Saturday 6th December 2025
Constraints and patience the key to accessing alternative real estate
The real estate sector has long been a cornerstone of wealth generation in Australia, offering stable, income-generating assets that hold intrinsic value due to the finite nature of land. At The Inside Network Alternatives Symposium, Julian Biggins, co-CEO of MA Financial, outlined why advisers should be paying close attention to the opportunities emerging in the real estate market.
For financial advisers seeking diversification for client portfolios, real estate presents an attractive alternative asset class with a long-term horizon. And it is an asset class that Australians inherently understand, says Julian Biggins (pictured), co-CEO of MA Financial.
“Unlisted real estate provides uncorrelated returns compared to listed equities, particularly given the volatility we now see in listed real estate investment trusts (REITs),” Biggins told The Inside Network Alternatives Symposium’s this week. “It offers a defensive income stream, often generating 7 per cent–8 per cent yield, which is a significant premium to cash rates.”
However, real estate investment requires patience. The illiquid nature of the asset class means it is not suited to short-term trading strategies. “There are friction costs in getting into real estate – this isn’t a three-month hold,” Biggins warned. “It’s about long-duration investment, which aligns well with long-term wealth accumulation strategies.”
A key theme that emerged from Biggins’ presentation was the importance of location and scarcity. “Land is finite – that’s an immutable fact,” he said. “Whether it’s a residential block in Bondi or a shopping centre in Healesville, scarcity underpins long-term value appreciation.”
Biggins also highlighted the breadth of investment opportunities within real estate, extending well beyond traditional commercial and residential assets. MA Financial’s portfolio, for example, includes marinas, pubs, healthcare facilities, and industrial properties. “If you ask whether we like retail, the answer is yes – but not all retail assets are the same. A shopping centre’s value is shaped by the demographics of its surrounding area.”
One of the strongest investment thematics, according to Biggins, is supply-side constraint. “Construction costs have increased by 32 per cent since 2021, which makes new development prohibitively expensive,” he noted. “When you’re acquiring assets at a discount to replacement cost, you have a significant margin of safety.”
Real estate’s role in alternative investments is further bolstered by Australia’s macroeconomic stability. “Unlike the US, where distressed real estate is trading at 20 cents on the dollar, Australia’s market is more stable,” Biggins explained. “We don’t over-leverage assets in the same way, and banks rarely foreclose. That means opportunities come from motivated – not distressed – sellers.”
Among the more innovative areas of real estate investment is operational real estate, where investors not only own the underlying property but also participate in the operating business. “Take our pubs portfolio – we own about $1.1 billion in assets, and we directly manage the operations,” Biggins said. “This allows us to capture both the real estate appreciation and the profitability of the business.”

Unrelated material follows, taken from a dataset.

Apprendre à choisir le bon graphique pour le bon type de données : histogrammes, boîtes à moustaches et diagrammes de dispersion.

The current environment presents a rare opportunity for advisers to guide clients into well-priced assets. “Valuations lag reality,” Biggins observed. “We’re acquiring assets at 30 per cent–40 per cent discounts compared to two years ago. The best transactions happen when sentiment is at its lowest.”
For MA Financial, these market conditions provide an opportunity to be highly selective. “We’re not rushing to buy distressed office buildings, but we see strong fundamentals in industrial, retail, and hospitality assets,” Biggins noted. “Shopping centres, in particular, benefit from necessity-driven spending and constrained supply.”

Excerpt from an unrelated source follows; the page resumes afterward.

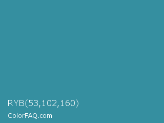 RYB 53,102,160 Color is a normal cyan color and the nearest color is Astral #327da0. Hex code #358fa0 and RGB value is rgb(53,143,160). In RGB color space, this color is composed of 21% red, 56% green, 63% blue, In CMYK color space, this color is composed of 67% cyan, 11% magenta, 0% yellow , 37% black , In HSL color space, this color has a hue angle of 190° , 50% saturation and 42% lightness.
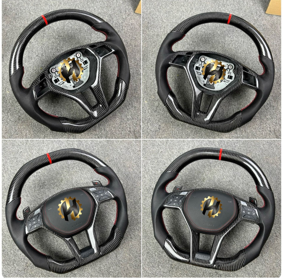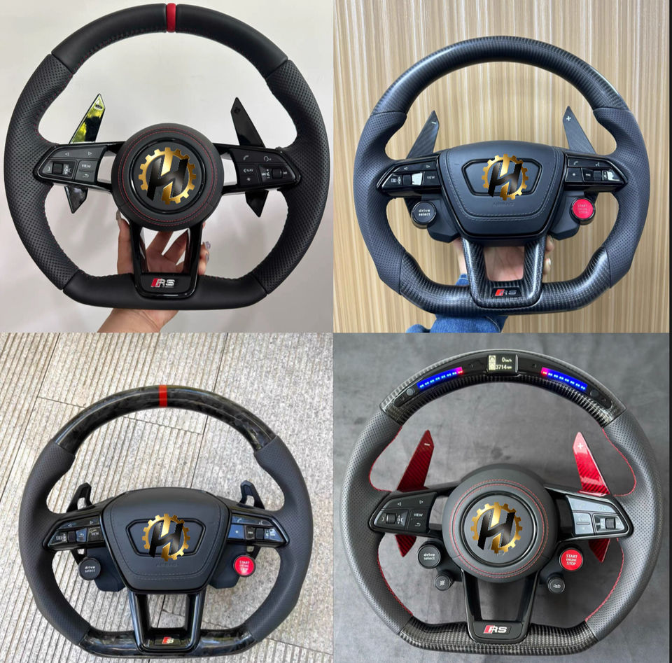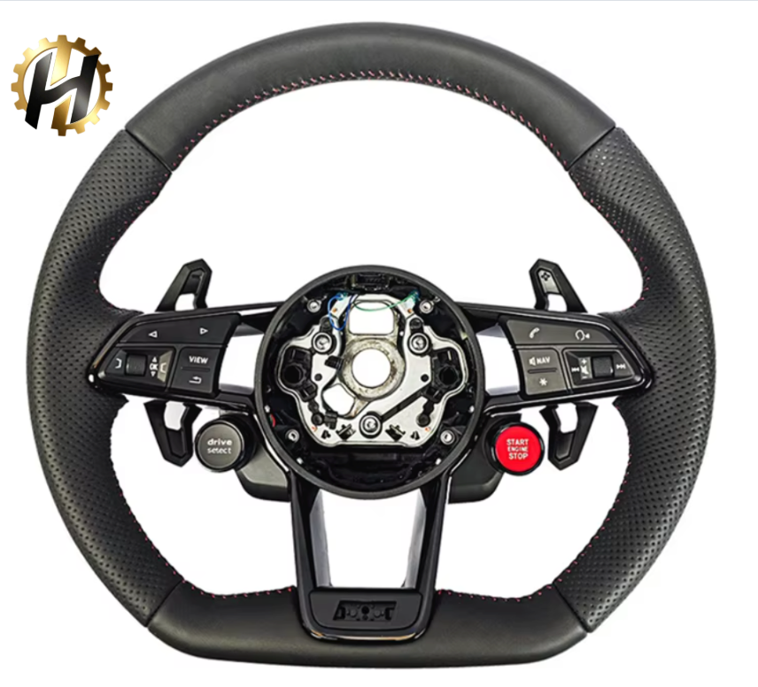 พวงมาลัยหุ้มหนัง HZ แบบ 3 ก้าน ขนาด 35 มม. พร้อมไฟ LED สำหรับรถยนต์ Audi R8 TT Mk2/Mk3 รุ่น RS และ A3-A8 Q3-Q7

Founded in 2009 and listed on the ASX, MA Financial has grown into a diversified financial services firm with expertise in asset management, lending, and corporate advisory. The firm has a strong track record in real estate investments, with its opportunistic and income-focused strategies resonating with high-net-worth and institutional investors.
As interest rates stabilise and capital becomes scarcer, Biggins believes now is a moment of opportunity for real estate investors. “What we’re buying today will be talked about in five years as some of the best deals of the cycle,” he concluded. For advisers looking to enhance client portfolios with defensive, income-generating assets, the current market dynamics make a compelling case for strategic real estate allocations.